# How much is enough....?



## Ruben Scouse (Oct 25, 2013)

I am retireing early at 50 taking my final salary pension. I am looking at options regarding detinations to retire to and would just like to know... 

How much can you 'comfortably' live on?

I won't be a millionaire but I will have an yearly pension of £22,000 and a lump sum of £150,000. I plan to buy a small property in the UK for extra income and travel around Thailand for 6 months until I find the right place for me to settle down.

I don't expect to live a lavish life but by the same token I don't want to struggle to exist.

I just want to be comfortable and rent a 2 bed condo somewhere nice with a beach near by.


----------



## stednick (Oct 16, 2011)

Ruben Scouse said:


> I am retireing early at 50 taking my final salary pension. I am looking at options regarding detinations to retire to and would just like to know...
> 
> How much can you 'comfortably' live on?
> 
> ...


Ruben Scouse: 

How much is enough? How long is a piece of string? Covered in many, many threads in this forum. Read to your hearts content. 

You have adequate funds to retire in Thailand. Your pension is adequate to satisfy the Thailand retirement visa as is your age.

"Comfortably live on", depends entirely upon your lifestyle, demands and the standard of living you will demand/require/maintain.

See Cost of Living and start your investigation.

Good luck.


----------



## Ruben Scouse (Oct 25, 2013)

stednick said:


> Ruben Scouse:
> 
> How long is a piece of string? Covered in many, many threads in this forum.....
> 
> Good luck.


Many thanks, I have just found a good thread re Chiang Mai that has all the info I am looking for.

Thanks !!


----------



## frankb (Oct 18, 2013)

It is quite simple

check a month on how much you spend normally, and do that number x 12
add special expenses per year(car, travel, health insurance,..)

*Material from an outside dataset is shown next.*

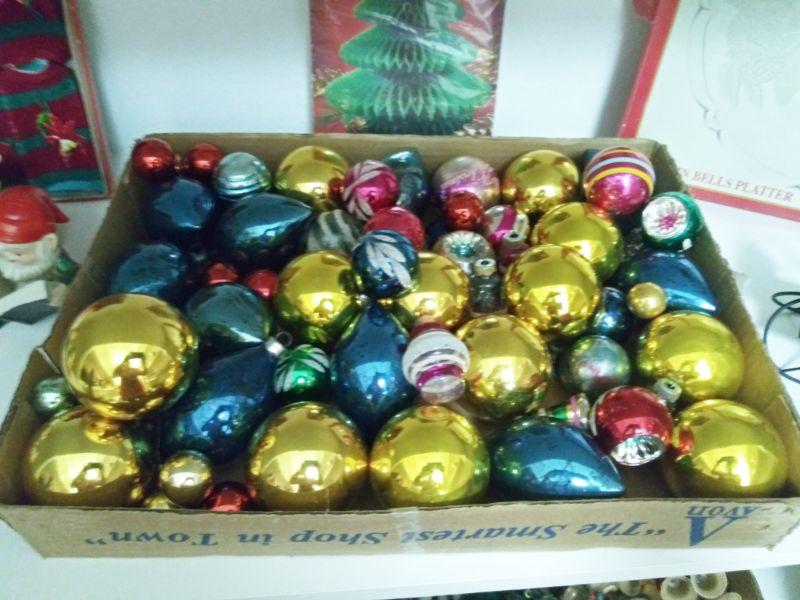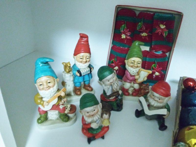 GROUP OF GNOMES AND VINTAGE GLASS BALL ORNAMENTS

that sum will give you expenses per year

multiply this number by the years you want to live and you will know how much money you need.

good luck


----------



## Newforestcat (Mar 14, 2012)

You will live very comfortably on £1000 (maybe £1500 incl rent) a month. I am now spending £500 per month as I don't rent and I live in a remote area where nothing inspires me to spend; my husband is very delighted. LOL But if you go mad, you could burn £1000 in a week in a touristy place quite easily. 

Your bank balance will dictate your life style, eventually! 

I think beach condo can be quite expensive to rent in the long run. Once you are absolutely sure about Thailand and its little corner where you live, maybe look into buying.


----------